= NBA ShootOut =

Series of basketball video games

NBA ShootOut (Total NBA in Europe) is a series of basketball video games based on the NBA and released for the PlayStation and PlayStation 2. It was one of Sony's first-party sports franchises for the PlayStation, along with NHL FaceOff, NFL GameDay, NCAA GameBreaker and ESPN Extreme Games. The first two entries, released in 1996 and 1997, were developed by Sony Computer Entertainment's British in-house development team. Later entries were developed by 989 Sports, including NBA ShootOut 2000, the only game in the series to be released for Microsoft Windows.

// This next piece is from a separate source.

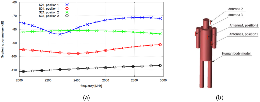 The motivation for the following work is the fact that the values of S21 and S31 strongly depend on the chest node antenna position, not just the antenna distance. This is evident in the example of simulation results obtained for two different locations of the chest antenna, which is presented in Figure 4.

In the games, players can choose an existing NBA franchise and play exhibition or regular season games, as well as create their own players to include in regular season team rosters. Charles Barkley, Shaquille O'Neal and Michael Jordan were represented in the game with other names (Forward, Center and Guard respectively).

NBA ShootOut 99 for the PlayStation was cancelled by 989 Sports due to its level of quality.

==Games==

| Title | Release date | Console(s) | Cover athlete |
| NBA ShootOut | March 10, 1996 | PlayStation | Sam Cassell |
| NBA ShootOut '97 | March 14, 1997 | Eddie Jones Toni Kukoč (Limited Edition) |
| NBA ShootOut 98 | February 28, 1998 | Hakeem Olajuwon |
| NBA ShootOut 2000 | November 30, 1999 | Jason Kidd |
| NBA ShootOut 2001 | October 17, 2000 | PlayStation, PlayStation 2 | Chris Webber |
| NBA ShootOut 2002 | September 1, 2001 | PlayStation | Stephon Marbury |
| NBA ShootOut 2003 | September 24, 2002 | PlayStation, PlayStation 2 | Ray Allen |
| NBA ShootOut 2004 | September 23, 2003 | Tracy McGrady |

==Reception==
The first two games were well received, with the Official UK PlayStation Magazine awarding 9/10 and a Starplayer award to both. They praised the motion capture and the playability.